### Goal of the exercise
Without changing a thing, reproduce the entire listing and leave out its pictures.

### Data extract
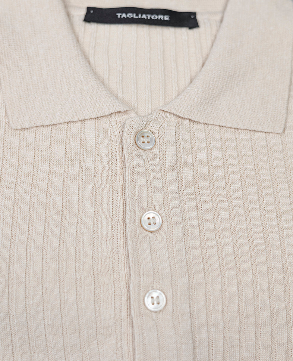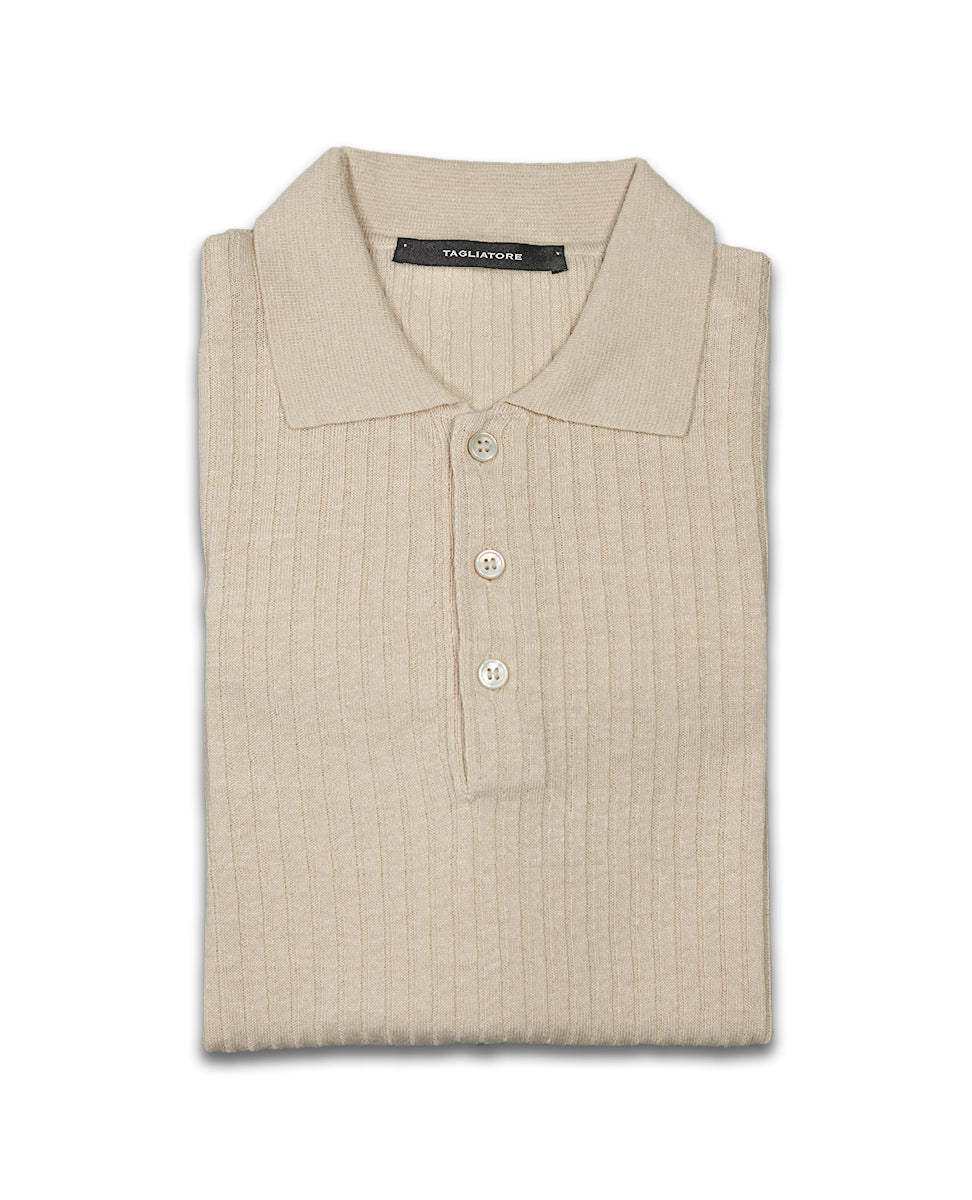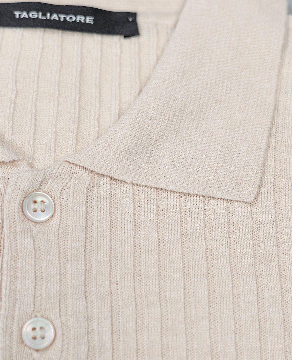 Ribbed Knit Polo Shirt
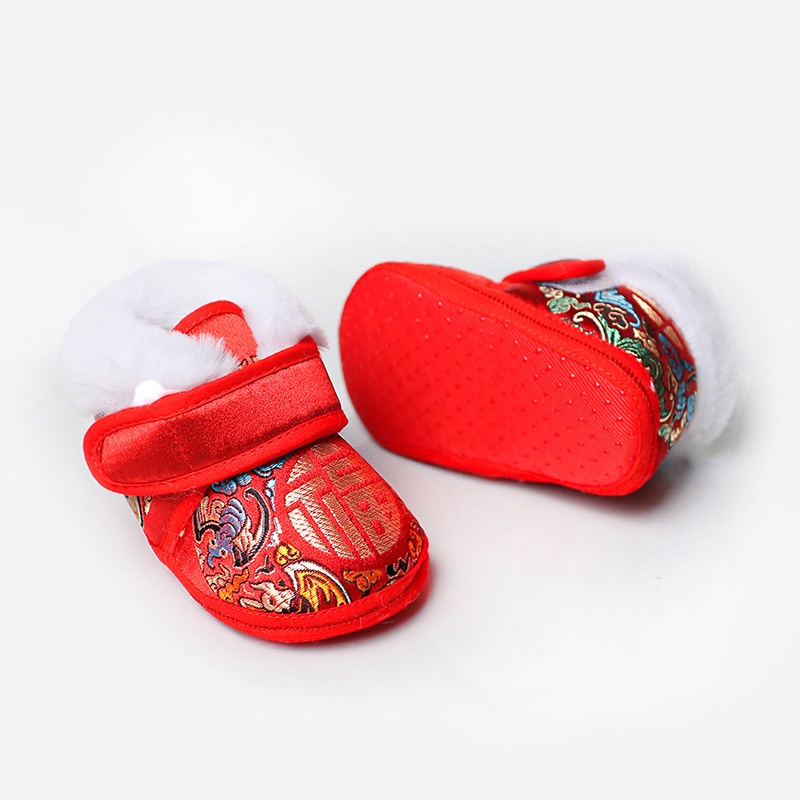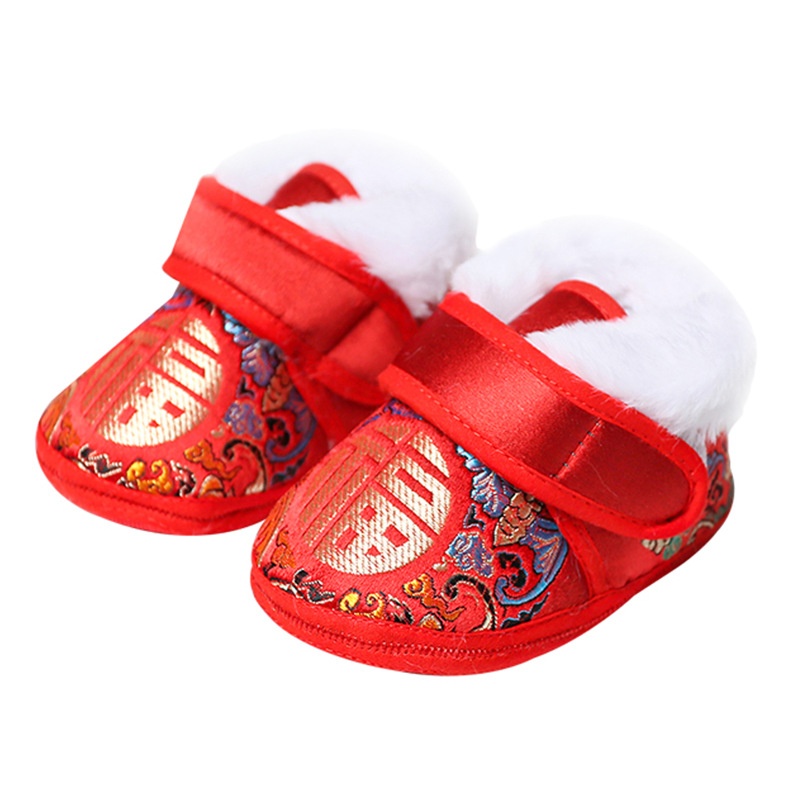 Winter Baby Tang Suit Cotton Shoes National Style One-year-old100-day Photography Folk Cloth Shoes Baby Step Pre-toddler Shoes Plus Velvet
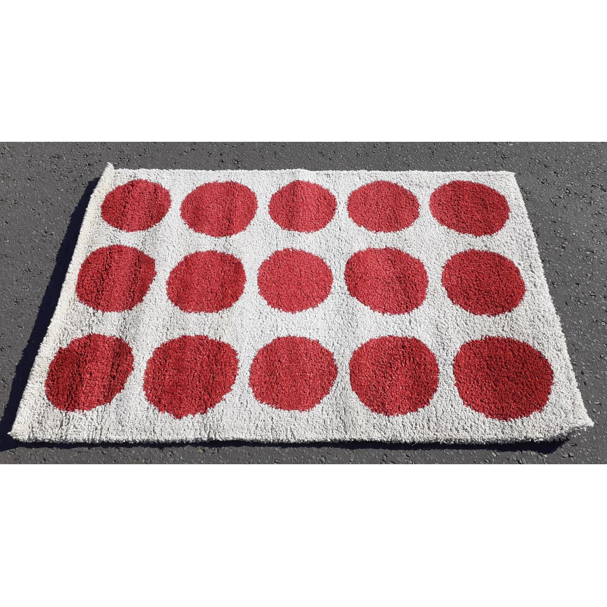 Modern red polka dot cream based carpet measures 270 by 120cm approx. "Brady Dotty rug" label to back
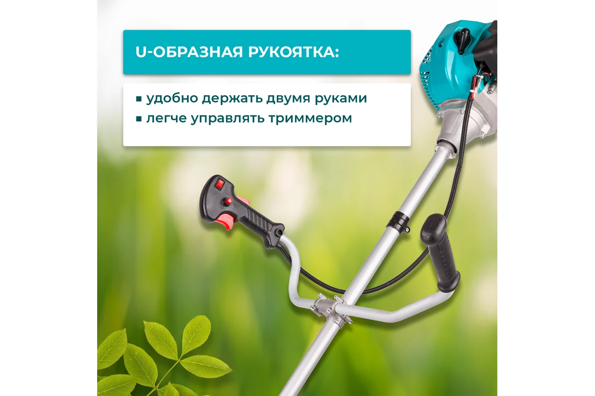 Универсальный триммер, оснащённый системой легкого запуска и ранцевым ремнем с системой гашения вибрации, отлично подойдёт для небольших и
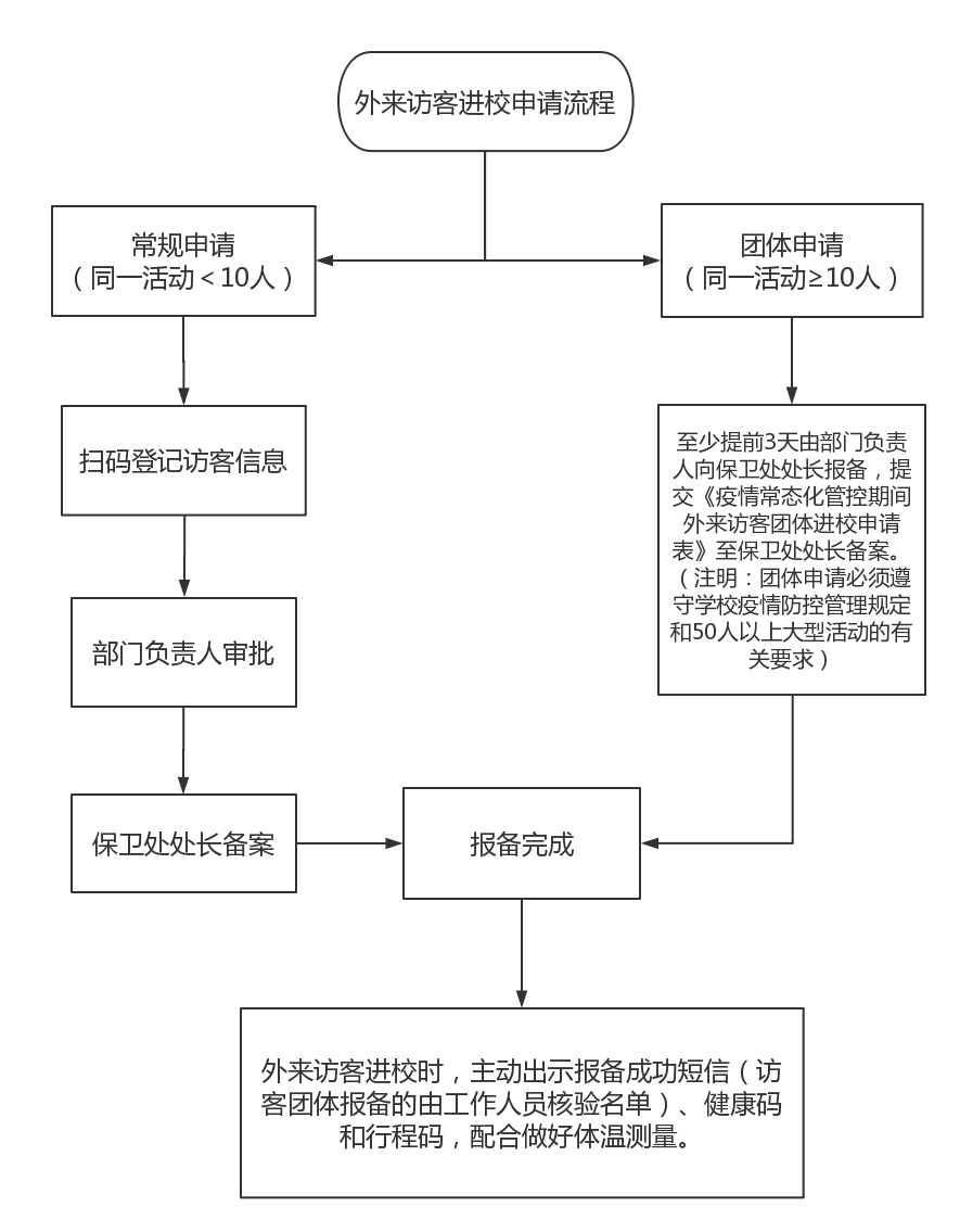 如外來訪客團體申請進校(同一活動≥10人申請進校),須嚴格遵守學校疫情防控管理規(guī)定和50人以上大型活動管理要求,至少提前3天由部門負責人向保衛(wèi)處報備,并提交附件二:《疫情常態(tài)化管控期間外來訪客團體進校申請表》。
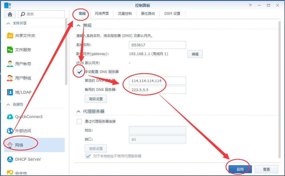 3、群晖控制面板-网络-常规,勾选“手动配置DNS服务器”,在首选的DNS服务器输入114.114.114.114,备用的服务器输入223.5.5.5,确定。
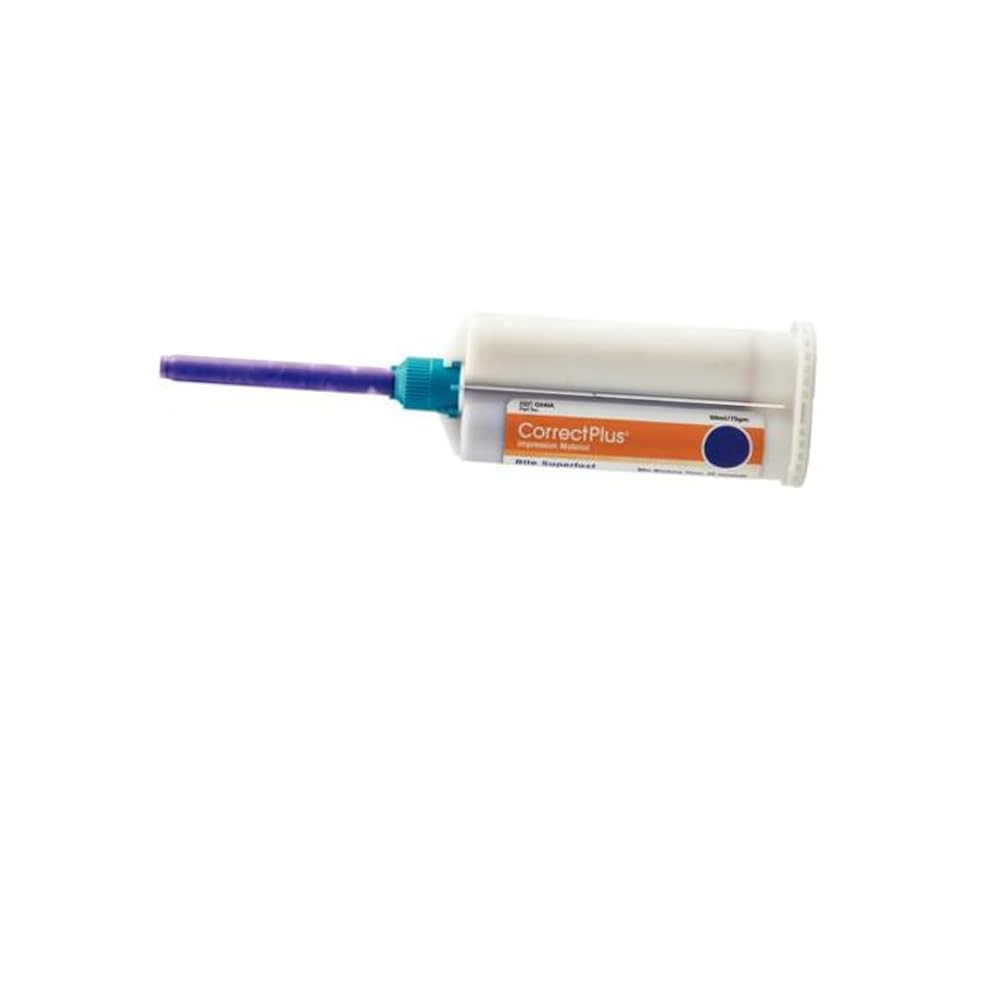Correct Plus BITE Superfast Material, Hydrophilic Vinyl Polysiloxane, 32 pack refill: 32 - 50 ml cartridges and 100 mixing tips. Cartridge refill for Correct Plus Impression Material. Shape remains intact after removal. Creates impressions in 3-1/2 minutes. Great variety of viscosities. Correct Plus Impression Material is an impression material formulated for great versatility, enabling use in all types of impression methods. After only 3 minutes and 30 seconds, the material is ready for removal.Correct Plus features a remarkable level of consistency that keeps the shape intact at this crucial stage of the process. This product is available in a wide variety of viscosities to suit each practitioner's work style.Each pack contains 32 (50 ml) cartridges.
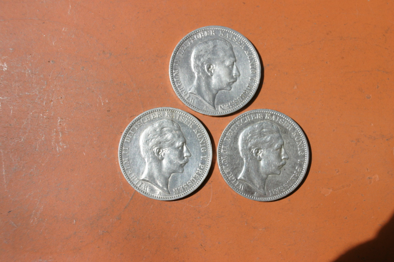 Silber Münzen alte deutsche 3 Reichsmark 3x Wilhelm II
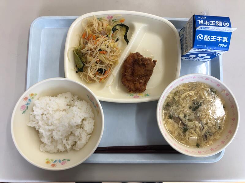ごはん 牛乳 鶏のから揚げ 五目ビーフン きのこ中華スープ
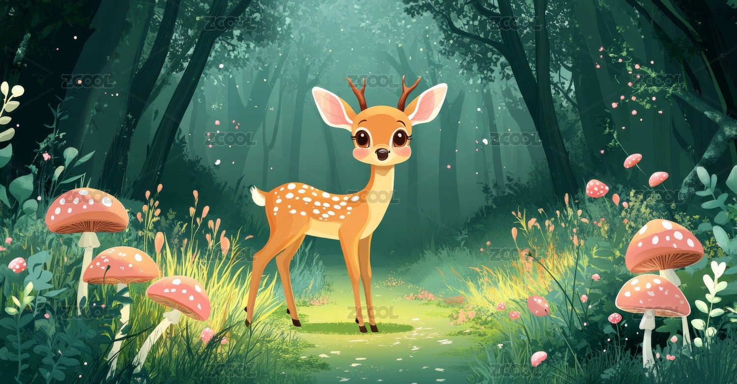 森林中的小鹿插画
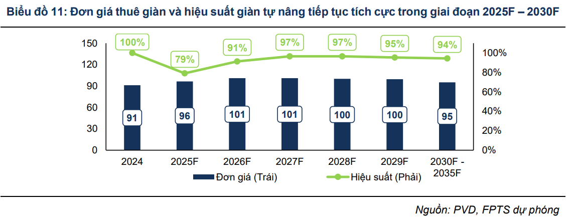 Hiệu suất giàn dự kiến duy trì ổn định 94-96% trong dài hạn, trong khi đơn giá thuê có thể giảm nhẹ về mức 95-98 nghìn USD/ngày do tập trung nhiều hơn vào thị trường nội địa. Tuy nhiên, biên lợi nhuận vẫn được bảo toàn nhờ chi phí khoan thấp hơn và khả năng cung cấp trọn gói dịch vụ.
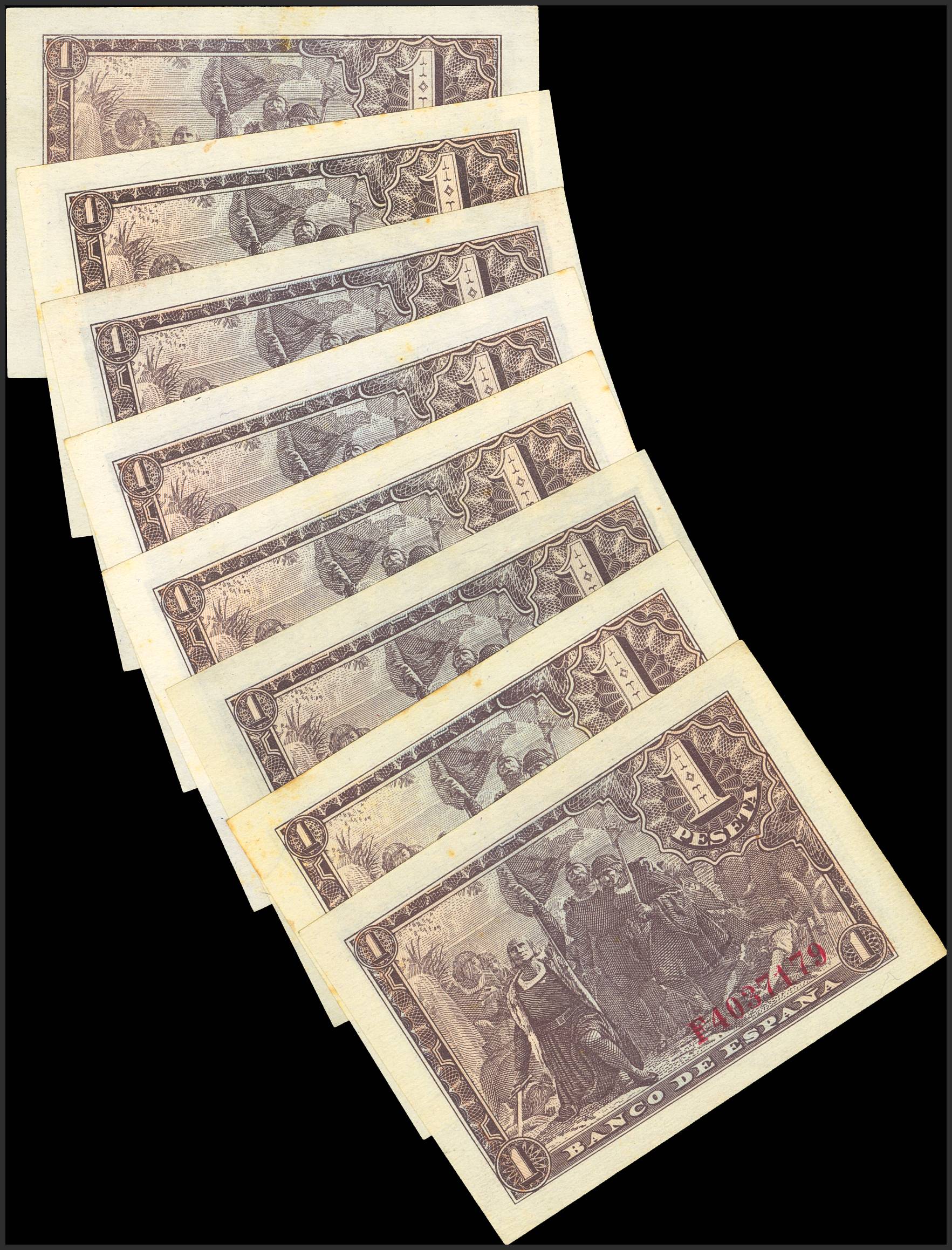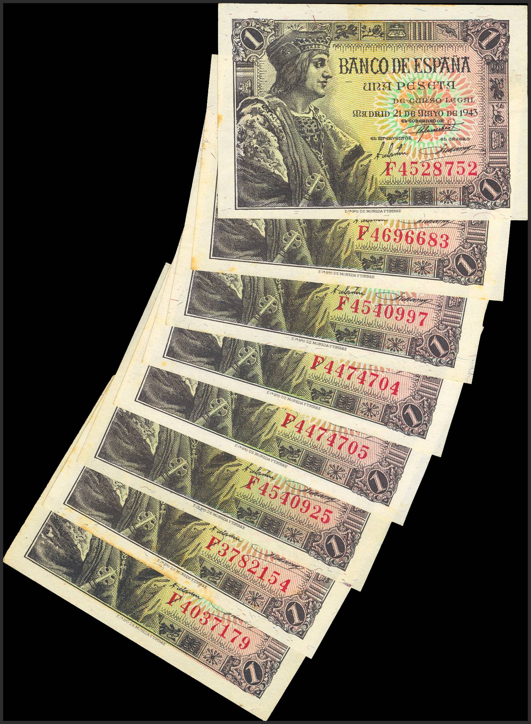 Conjunto de 8 billetes de 1 Peseta emitido el 21 de Mayo de 1943, con la serie F. (Edifil 2023: 447a). A EXAMINAR.

### Result for this task
 Ribbed Knit Polo Shirt
 Winter Baby Tang Suit Cotton Shoes National Style One-year-old100-day Photography Folk Cloth Shoes Baby Step Pre-toddler Shoes Plus Velvet
 Modern red polka dot cream based carpet measures 270 by 120cm approx. "Brady Dotty rug" label to back
 Универсальный триммер, оснащённый системой легкого запуска и ранцевым ремнем с системой гашения вибрации, отлично подойдёт для небольших и
 如外來訪客團體申請進校(同一活動≥10人申請進校),須嚴格遵守學校疫情防控管理規(guī)定和50人以上大型活動管理要求,至少提前3天由部門負責人向保衛(wèi)處報備,并提交附件二:《疫情常態(tài)化管控期間外來訪客團體進校申請表》。
 3、群晖控制面板-网络-常规,勾选“手动配置DNS服务器”,在首选的DNS服务器输入114.114.114.114,备用的服务器输入223.5.5.5,确定。
Correct Plus BITE Superfast Material, Hydrophilic Vinyl Polysiloxane, 32 pack refill: 32 - 50 ml cartridges and 100 mixing tips. Cartridge refill for Correct Plus Impression Material. Shape remains intact after removal. Creates impressions in 3-1/2 minutes. Great variety of viscosities. Correct Plus Impression Material is an impression material formulated for great versatility, enabling use in all types of impression methods. After only 3 minutes and 30 seconds, the material is ready for removal.Correct Plus features a remarkable level of consistency that keeps the shape intact at this crucial stage of the process. This product is available in a wide variety of viscosities to suit each practitioner's work style.Each pack contains 32 (50 ml) cartridges.
 Silber Münzen alte deutsche 3 Reichsmark 3x Wilhelm II
ごはん 牛乳 鶏のから揚げ 五目ビーフン きのこ中華スープ
 森林中的小鹿插画
 Hiệu suất giàn dự kiến duy trì ổn định 94-96% trong dài hạn, trong khi đơn giá thuê có thể giảm nhẹ về mức 95-98 nghìn USD/ngày do tập trung nhiều hơn vào thị trường nội địa. Tuy nhiên, biên lợi nhuận vẫn được bảo toàn nhờ chi phí khoan thấp hơn và khả năng cung cấp trọn gói dịch vụ.
 Conjunto de 8 billetes de 1 Peseta emitido el 21 de Mayo de 1943, con la serie F. (Edifil 2023: 447a). A EXAMINAR.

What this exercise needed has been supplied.